- _EXERCISE DESCRIPTION_
When you return the lines below, go from the first through the line with "Parts for Whirlpool", keep them exact, and leave out every picture.

- _DATA EXTRACT_
[Start of Attachment]

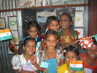 On Saturday, January 26th, Republic Day was celebrated in all construction site centers. Typically the celebrations start with morning procession, followed by prayers, flag hoisting, national anthem and exhibition of projects by children. Variety of different activities are planned in each center. Visitors and volunteers are also present in many centers to participate in the celebrations. The event is concluded by distributing sweets to all children.
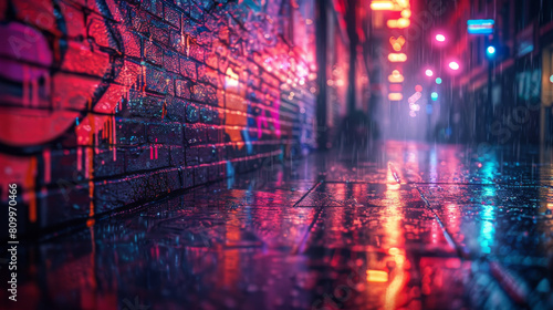 AI technology can create realistic images of a rainy urban street at night, complete with vibrant lights and graffiti-adorned walls.
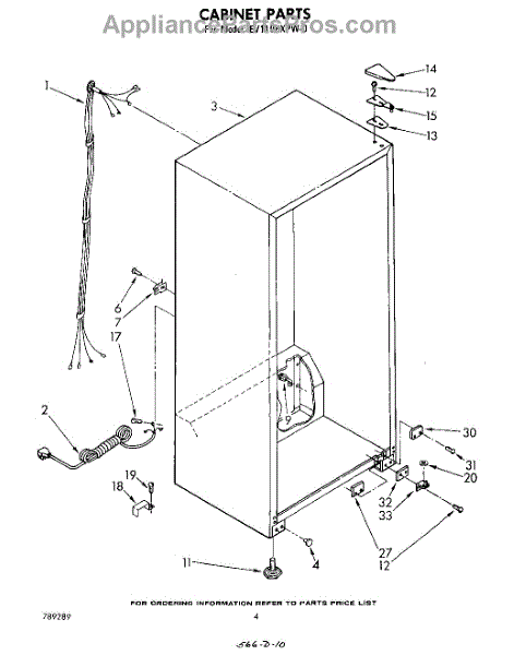 Parts for Whirlpool EV110EXPW0: 04 - Cabinet Parts
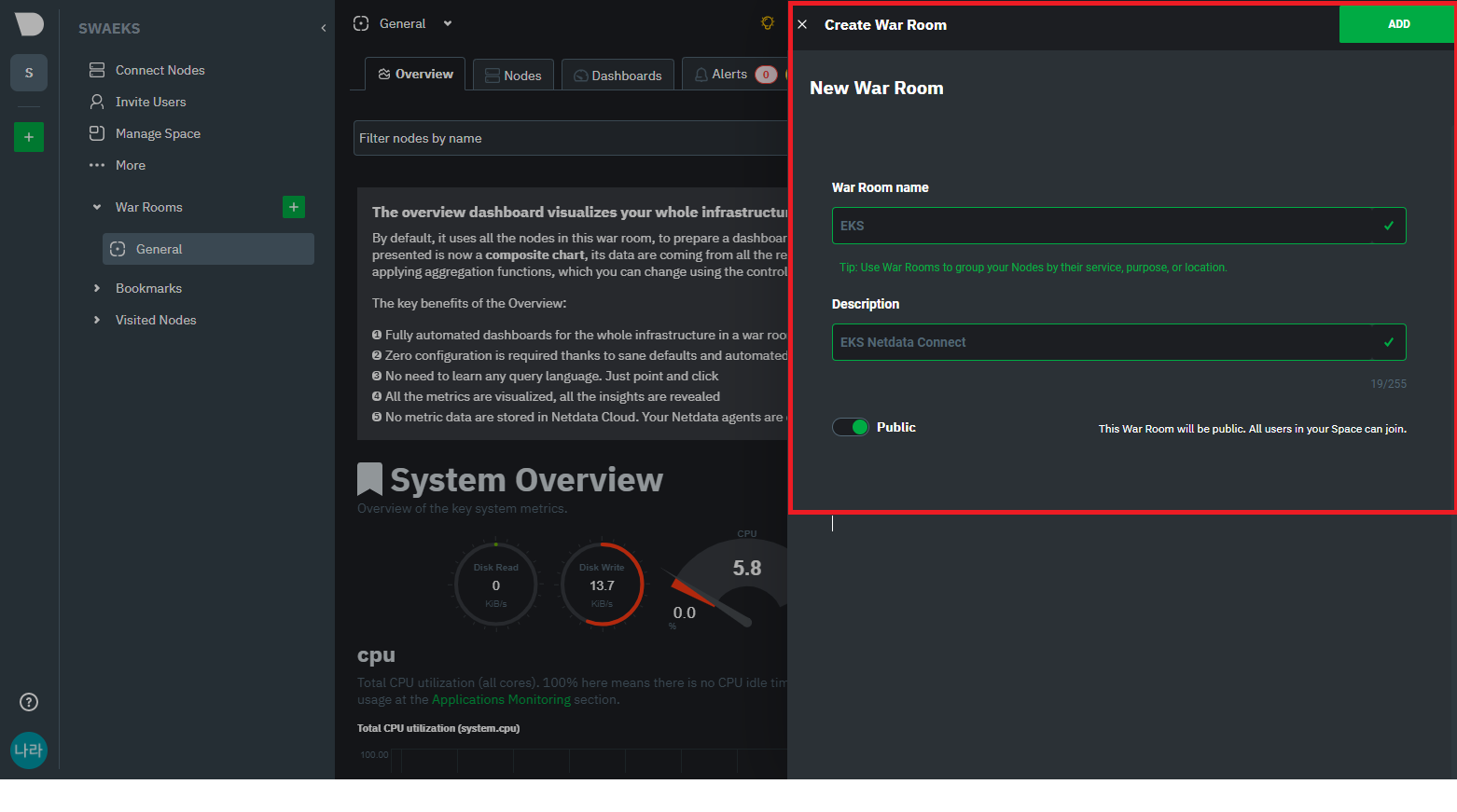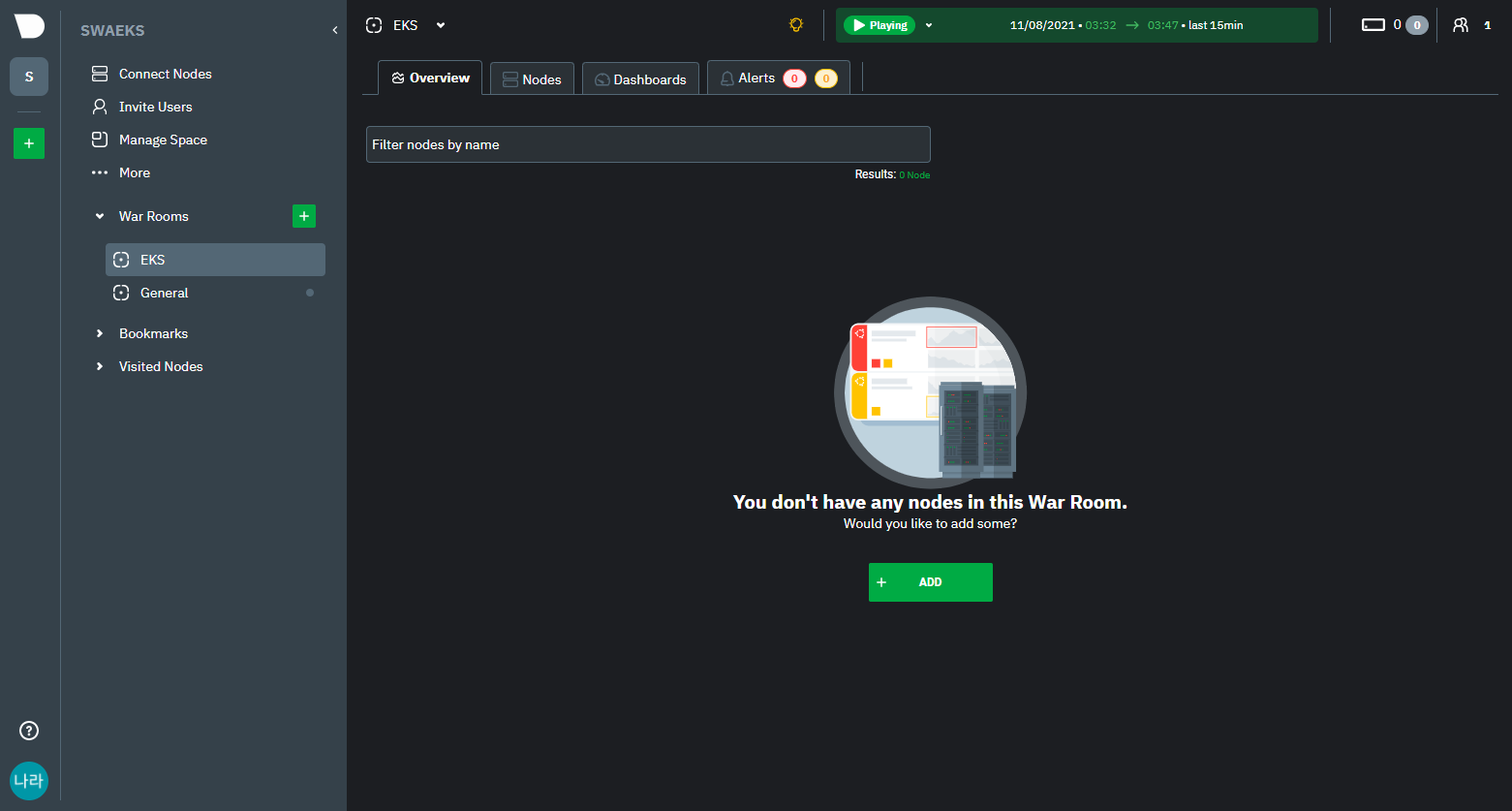 위와 같이 War Room 이름을 지정하고 상단의 ADD 버튼을 클릭한다.

[End of Attachment]

- _ANSWER TO THIS PROBLEM_
 On Saturday, January 26th, Republic Day was celebrated in all construction site centers. Typically the celebrations start with morning procession, followed by prayers, flag hoisting, national anthem and exhibition of projects by children. Variety of different activities are planned in each center. Visitors and volunteers are also present in many centers to participate in the celebrations. The event is concluded by distributing sweets to all children.
 AI technology can create realistic images of a rainy urban street at night, complete with vibrant lights and graffiti-adorned walls.
 Parts for Whirlpool EV110EXPW0: 04 - Cabinet Parts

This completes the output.